Wife made me stop at an indoor flea market this afternoon. It was mostly a craft show...what fun. There was however a nice old guy setup in the corner with some old tools. Mostly old planes and wood working tools, but he had some machinist tools as well. I spied a nice old pair of Brown & Sharp 5-6" mics. In the case. The price tag said $35 and he informed me that all tools were 30% off today. I did some calculations and slightly low balled an offer to him and took them home for $20. Moral of the story is not all craft shows are bad.
	

		
			
		

		
	




sent from my hand held hickymajig


----------



## daveyscrap (Jan 18, 2014)

Nice find !


----------



## Hexhead (Feb 14, 2014)

I didn't see a standard in the box. I would buy one it you didn't get one with it to see if it need calibrating Great find.


----------



## melsdad (Feb 14, 2014)

I ran it thru our QC department at work and it was right on.

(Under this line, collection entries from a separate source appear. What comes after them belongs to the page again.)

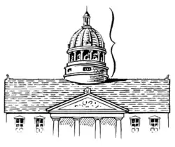 The word "cupola" is another word for "dome", and is usually used for a small dome upon a roof or turret.[10] "Cupola" has also been used to describe the inner side of a dome.[11][ab] The top of a dome is the "crown". The inner side of a dome is called the "intrados" and the outer side is called the "extrados".[12] As with arches, the "springing" of a dome is the base level from which the dome rises and the "haunch" is the part that lies roughly halfway between the base and the top.[12][13] Domes can be supported by an elliptical or circular wall called a "drum". If this structure extends to ground level, the round building may be called a "rotunda".[14] Drums are also called "tholobates" and may or may not contain windows. A "tambour" or "lantern" is the equivalent structure over a dome's oculus, supporting a cupola.[15]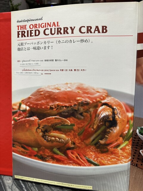 パッポンカリー発祥の店です。日本の首相など著名人も多々来店されてる超有名店です。バンコクに8店舗もあるみたいでいつもこちらのスラウォン店に来てます。自分は食べるの決まってて名物のパッポンカレーと空芯菜とチャーハンは必ず頼みます。量も多いのでMで二、三人前はあるので注意が必要です。写真はどれもMサイズです。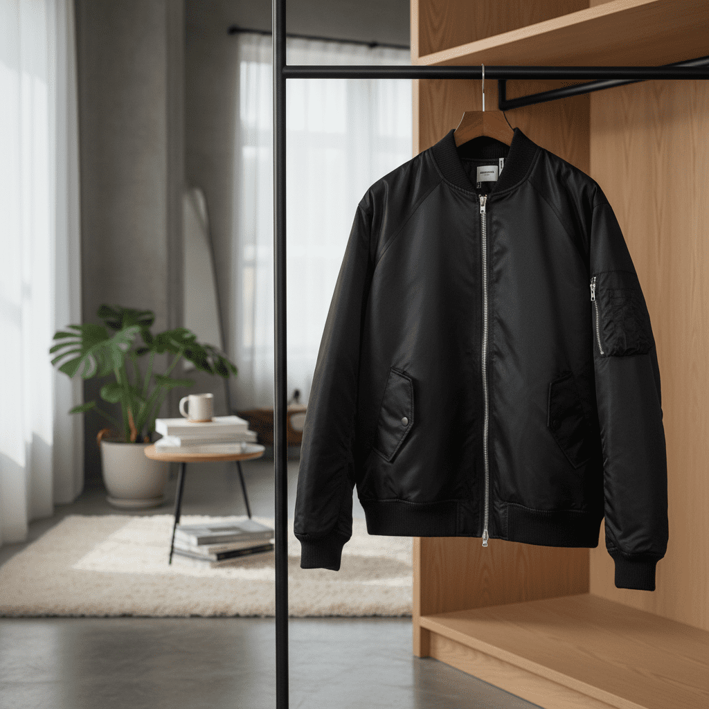 Essentials Black Bomber Jacket features smooth satin fabric, classic zip closure, ribbed collar and cuffs for warmth, handy side pockets, unisex street style, perfect for daily casual or commute wear.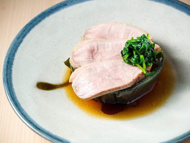 昭和に活躍した人間国宝、濱田庄司作の茄子を絵付けした益子焼に「鴨茄子」を盛り付けるなど、日本酒がすすむ絶品な料理は、器とのマッチングも大切に考えられている。(写真上)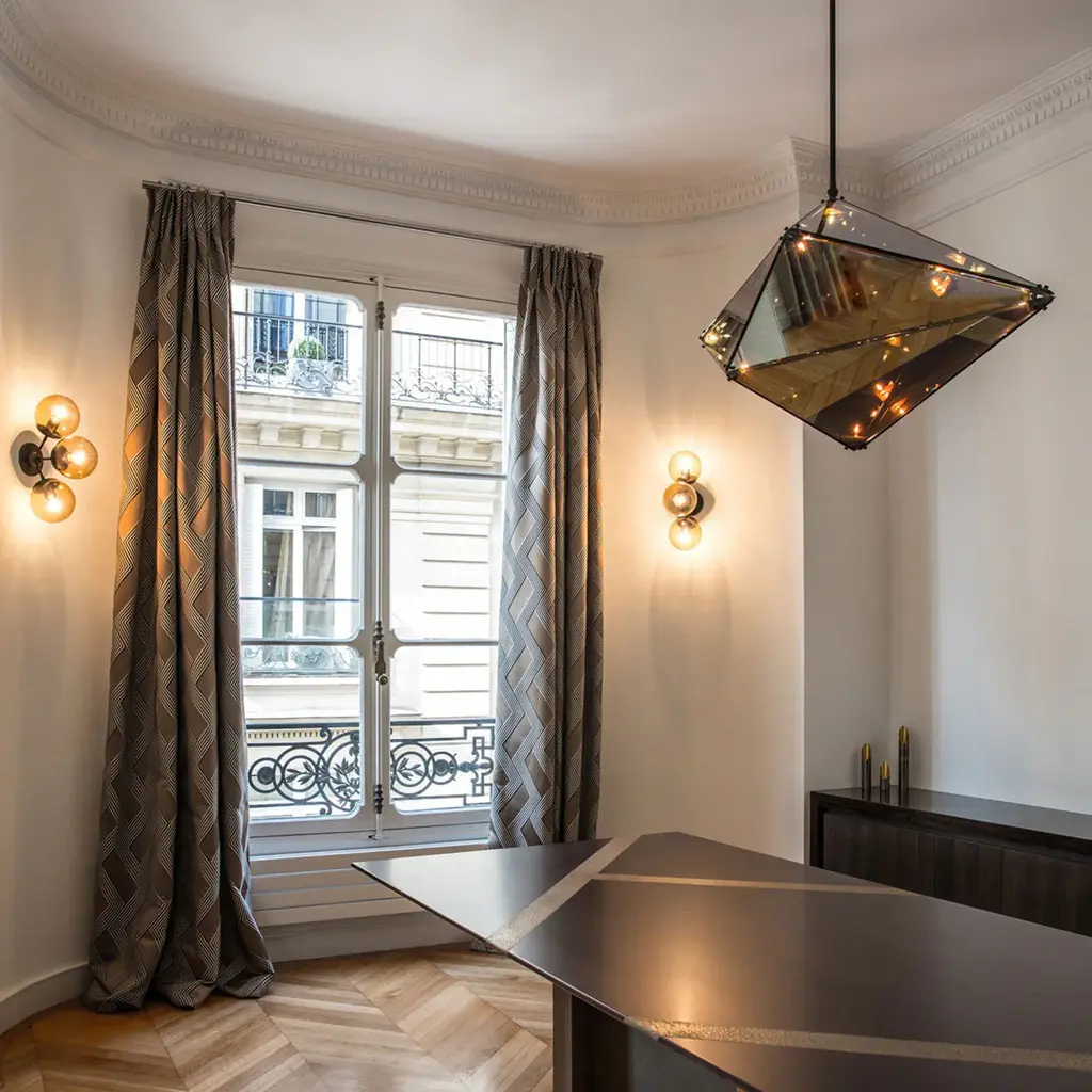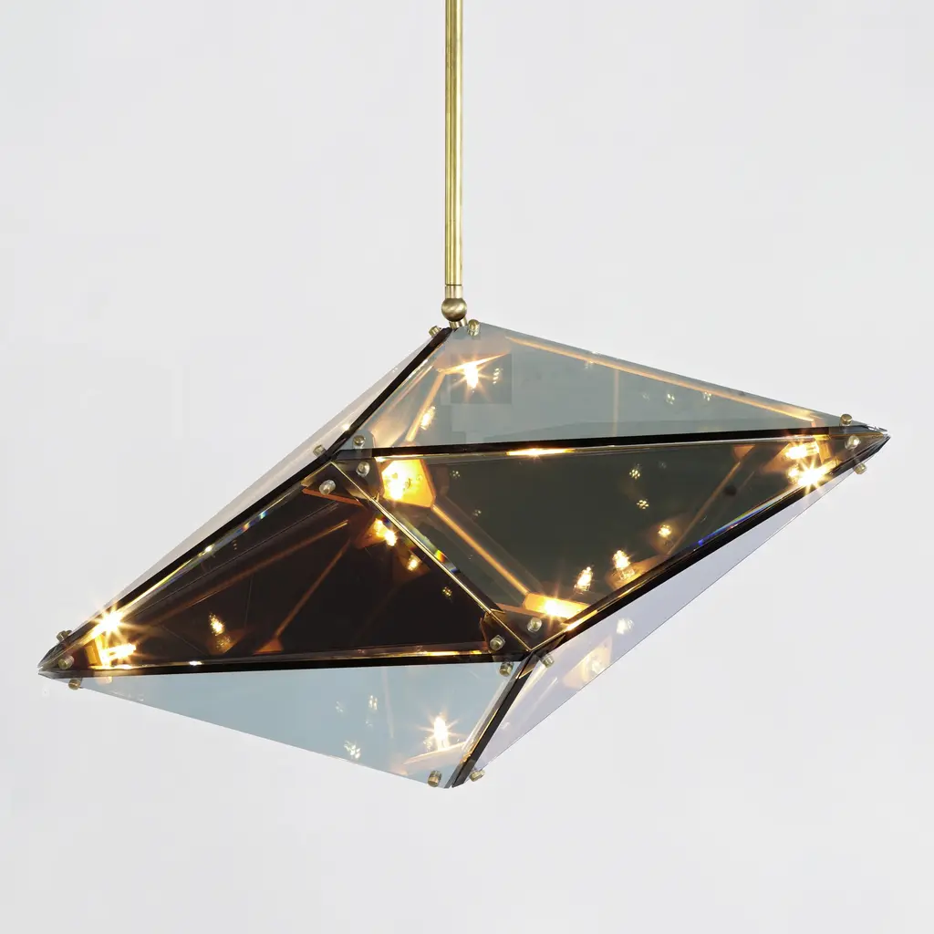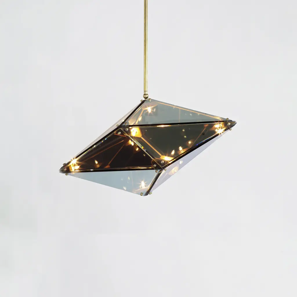 Unleash your own unique sense of style with the Maxhedron Horizontal LED Pendant Light from Roll & Hill. Designed by Bec Brittain, this avant-garde piece combines light and reflection to create a transformative effect that will elevate any space. Its transparent mirror glass, brass, and steel materials exude luxury while the LED lights provide ample illumination. Adaptable to sloped ceilings, the Maxhedron's sharp angles and geometric precision evoke a brilliant constellation, making it a must-have for a luxurious and exclusive ambiance. Highlights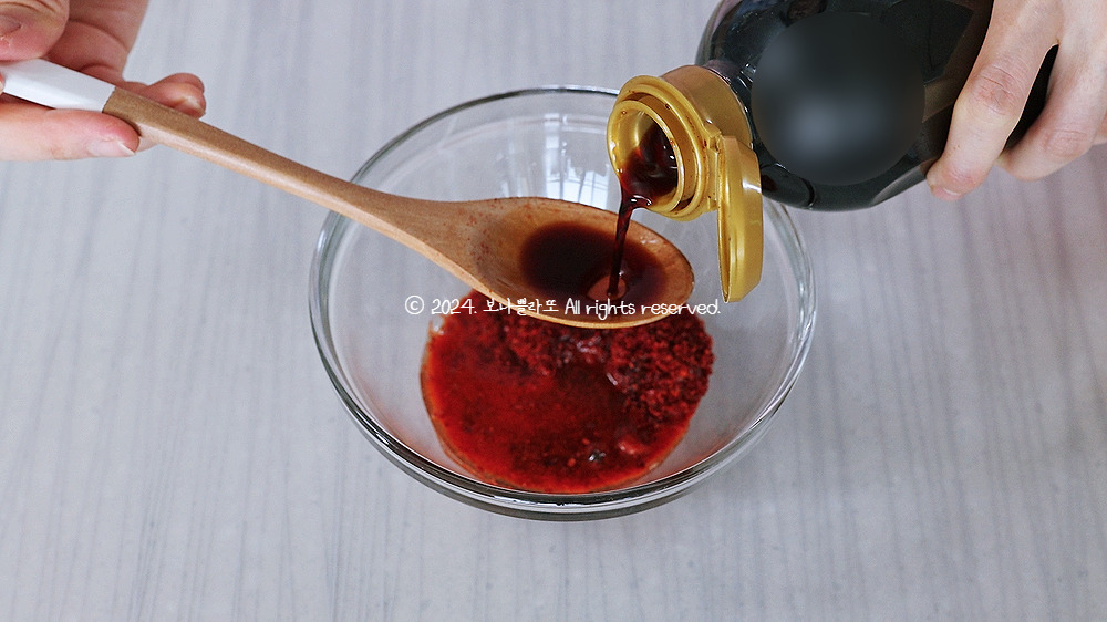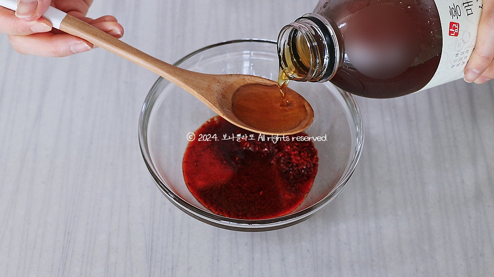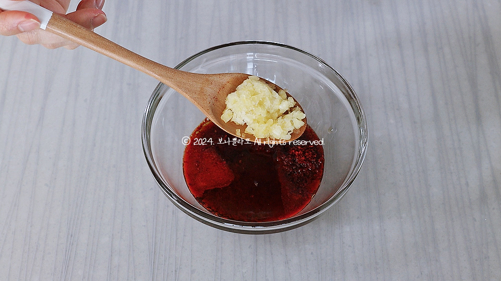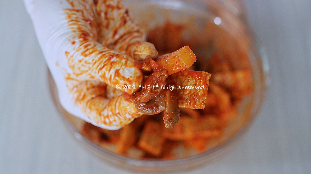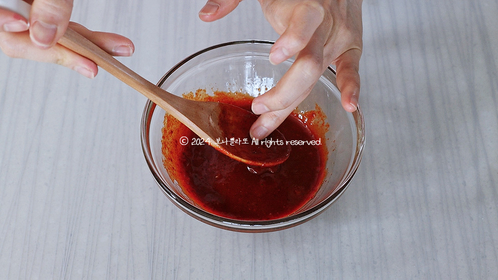 양념: 고운 고춧가루 2T, 일반 고춧가루 1T, 식초 3T, 간장 2T, 물엿 2T, 액젓 1T, 매실액 1T, 참기름 2T, 간 마늘 2/3T.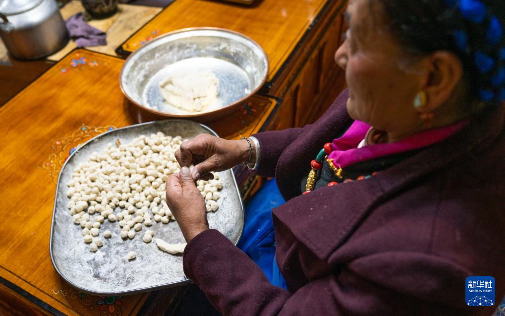 在日喀則市桑珠孜區(qū)洛瑪彩林社區(qū),59歲的巴桑普尺掌勺家里的“古突”宴。和面、揉面、煮面,火爐上一鍋牦牛肉湯熱氣騰騰。巴桑普尺高興地說:“今年是第一次在新房里過年,很開心?!?/p>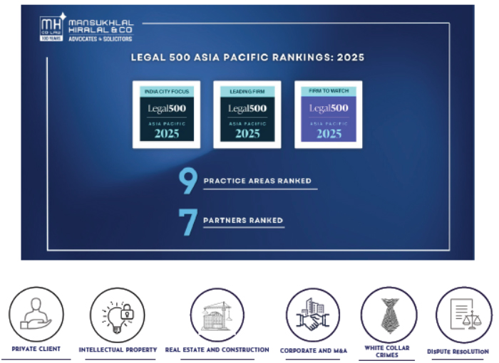 In the 2025 edition of The Legal 500 Asia Pacific Rankings, Mansukhlal Hiralal & Co. has been recognized across 9 practice areas. The firm has earned new rankings in Intellectual Property and achieved significant progress in Real Estate and Construction (City-focus Mumbai), elevating to Tier 1. MHCO continues to be a leader in Dispute Resolution and Commercial, Corporate, and M&A (City-focus Mumbai), reflecting the team's unwavering commitment to excellence. These accolades highlight the firm’s dedication to providing top-tier legal services to clients across diverse sectors. Learn More. |

sent from my hand held hickymajig


----------



## mekanix48 (Feb 14, 2014)

Nice score, I have never picked anything like this up... yet   :thinking: Must make an effort this year to call in to more flea markets.. 'car boot sales' as is known here in UK.

George


----------



## uncle harry (Feb 15, 2014)

While it was a while back, I scored 5 "virgin" carbide burrs 1/4 shank & 1 tin coated center drill for  35 bucks.


----------